■ **GIVEN RECORDS**:
•••
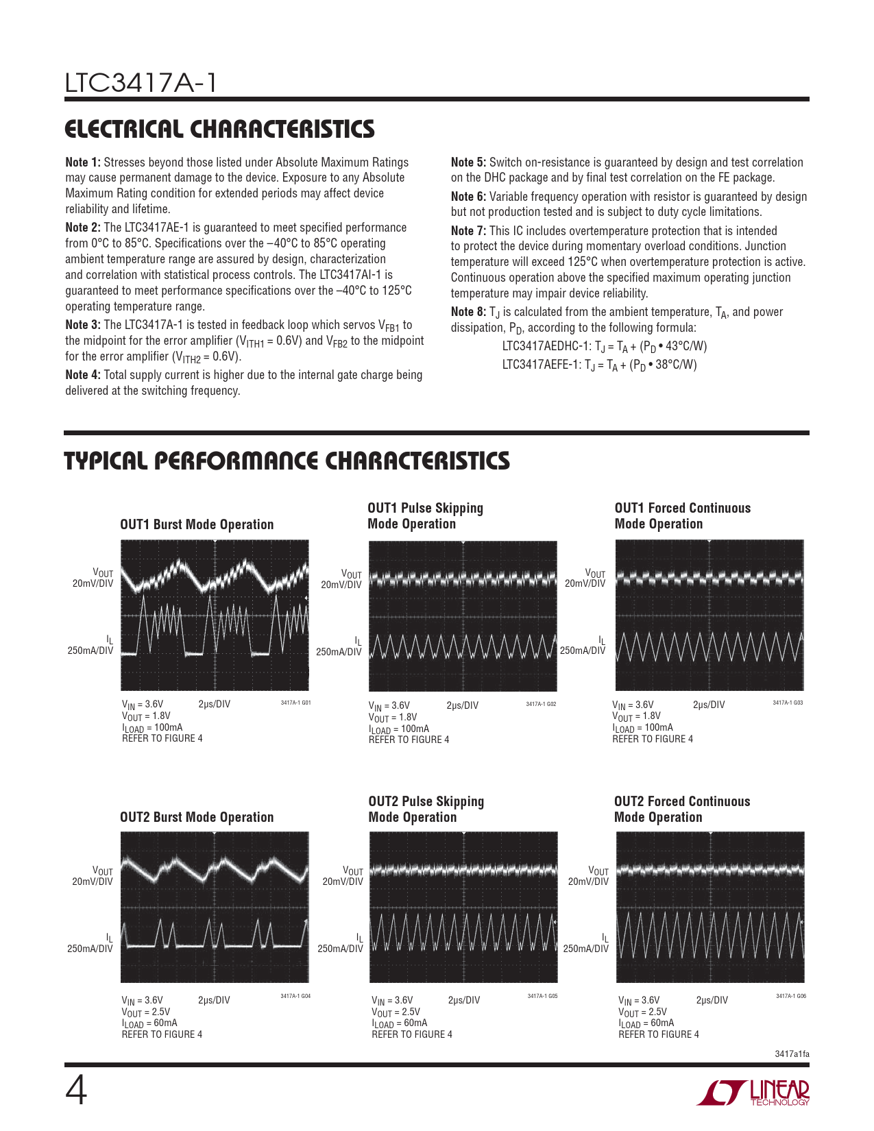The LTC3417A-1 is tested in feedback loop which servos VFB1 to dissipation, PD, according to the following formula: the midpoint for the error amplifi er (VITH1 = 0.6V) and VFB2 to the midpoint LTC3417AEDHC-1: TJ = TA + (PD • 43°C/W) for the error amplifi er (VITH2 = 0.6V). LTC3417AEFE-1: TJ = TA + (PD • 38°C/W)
•••
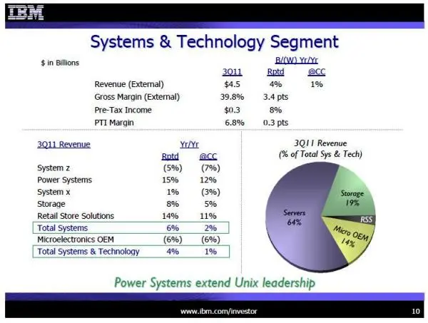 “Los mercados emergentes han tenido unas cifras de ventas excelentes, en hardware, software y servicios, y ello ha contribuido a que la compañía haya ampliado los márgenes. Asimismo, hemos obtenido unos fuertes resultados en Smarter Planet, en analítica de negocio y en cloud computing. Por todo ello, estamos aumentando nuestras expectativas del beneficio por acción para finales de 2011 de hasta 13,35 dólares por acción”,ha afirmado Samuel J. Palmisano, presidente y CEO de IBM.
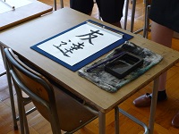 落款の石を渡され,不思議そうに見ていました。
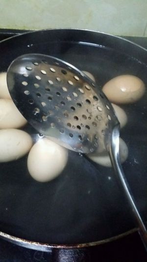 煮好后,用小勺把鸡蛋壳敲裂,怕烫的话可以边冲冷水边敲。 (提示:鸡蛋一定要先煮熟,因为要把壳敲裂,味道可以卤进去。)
•••
■ **WHAT YOU WILL DO**:
Give back, exactly and without pictures, the stretch of the records above from the line containing "CEO de IBM." through the line containing "煮好后,用小勺把鸡蛋壳敲裂,怕烫的话可以", with both end lines included.

■ **PROBLEM SOLUTION**:
 “Los mercados emergentes han tenido unas cifras de ventas excelentes, en hardware, software y servicios, y ello ha contribuido a que la compañía haya ampliado los márgenes. Asimismo, hemos obtenido unos fuertes resultados en Smarter Planet, en analítica de negocio y en cloud computing. Por todo ello, estamos aumentando nuestras expectativas del beneficio por acción para finales de 2011 de hasta 13,35 dólares por acción”,ha afirmado Samuel J. Palmisano, presidente y CEO de IBM.
 落款の石を渡され,不思議そうに見ていました。
 煮好后,用小勺把鸡蛋壳敲裂,怕烫的话可以边冲冷水边敲。 (提示:鸡蛋一定要先煮熟,因为要把壳敲裂,味道可以卤进去。)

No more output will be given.